Where you'd see this
  • A nurse-researcher describes a scatter plot of dose vs. blood level as a strong positive correlation before trusting a prediction from it.
  • A student uses the line of best fit y = 2x + 3 to predict a value at x = 6 that was never measured directly.
  • A lab reads r = -0.85 for screen time vs. sleep and reports it as a strong negative link, not proof that screens cause sleep loss.
Video library
Watch: reading a scatter plot and its trend
Constructing a scatter plot | Regression | Probability and Statistics | Khan Academy
Khan Academy · 2:31
Watch: what r means and correlation vs. causation
Correlation Doesn't Equal Causation: Crash Course Statistics #8
CrashCourse · 12:18
Extension: fitting a line and using it to predict
Graphing Data by Hand
Bozeman Science · 5:39
Guided notes

Fill these in as you work through the lesson.

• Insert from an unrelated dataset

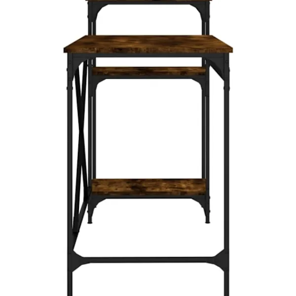 Detta skrivbord utstrålar en industriell charm och kommer bli ett blickfång i ditt hem eller på ditt kontor. Hållbart material: Det konstruerade träet är av exceptionell kvalitet med slät yta och är också starkt, stabilt och fuktbeständigt.Stabil ram: Kontorsbordets ram är gjord av järn. Järn är ett starkt och hårt material. Det är en favorit inom industri- och möbelkonstruktion.Gott om förvaring: Med 3 hyllplan har detta skrivbord gott om förvaringsutrymme för att hålla dina olika saker välorganiserade och inom räckhåll.Rymlig bordsskiva: Den stora arbetsytan på detta skrivbord gör att du har plats för din dator, skrivmaterial och andra nödvändigheter.Industriell stil: Skrivbordet tillför en charmig industriell stil till din nuvarande inredning. Det har en design inspirerad av gamla fabriker och industriutrymmen. Varning:För att förhindra att den välter måste denna produkt användas tillsammans med det medföljande väggfästet.

Big idea: A scatter plot shows how two measured variables move together; the correlation coefficient r (from -1 to +1) gives the direction and strength, a line of best fit lets you predict, and a correlation never proves causation on its own.
Key terms: write the meaning
  • Scatter plot (one point per subject, from two measurements):  
  • Correlation coefficient (r) (a number from -1 to +1: direction and strength):  
  • Line of best fit (the line closest to all the points; used to predict):  
  • Correlation is not causation (a hidden third variable can link two things):  
The rule

The correlation coefficient r runs from   to  ; its sign gives the   and its size gives the  , and a strong correlation still does not prove  .

Check yourself
  1. How do you tell a positive correlation from a negative one just by looking at the cloud of points? 
  2. Which is stronger, r = 0.5 or r = -0.9, and why does the sign not decide strength? 
  3. Give an example of two variables that are correlated because of a hidden third variable, not because one causes the other. 
Work one example

The line of best fit is y = 2x + 3. To predict y at x = 6, substitute: y = 2(6) + 3 = 12 + 3 = ____.

 
Illustrated glossary

The vocabulary of this topic, shown in the way you will meet it.

Scatter plot
A graph that plots one point for each subject, using two measured values as the x and y coordinates, to show how the two variables relate.
A scatter plot with labeled x and y axes and six points, each standing for one subject
In context: A researcher plots each student as a point (hours of sleep on the x-axis, test score on the y-axis) so the whole class becomes a cloud of points on one scatter plot.
Correlation coefficient (r)
A single number from -1 to +1 that tells the direction (sign) and strength (how close to a line) of a straight-line relationship between two variables.
A number line for r running from -1 (perfect negative) through 0 (none) to +1 (perfect positive)
In context: An r of +0.9 tells the scientist the points climb tightly along a rising line, while an r near 0 tells her the two variables barely track each other.
Positive vs. negative correlation
Positive means the two variables rise together (as x goes up, y goes up); negative means one goes up as the other goes down.
In context: Height and shoe size show positive correlation, while outdoor temperature and heating cost show negative correlation.
Line of best fit (linear regression)
The single straight line drawn through a scatter plot that comes closest to all the points, used to summarize the trend and to predict.
In context: Reading up from x = 6 to the line of best fit and across to the y-axis gives the predicted y value for a subject you did not actually measure.
Correlation is not causation
Two variables moving together does not prove one causes the other; a hidden third variable, or pure chance, can create the link.
In context: Ice cream sales and drowning both rise in the same months, but neither causes the other: hot weather is the third variable that drives both.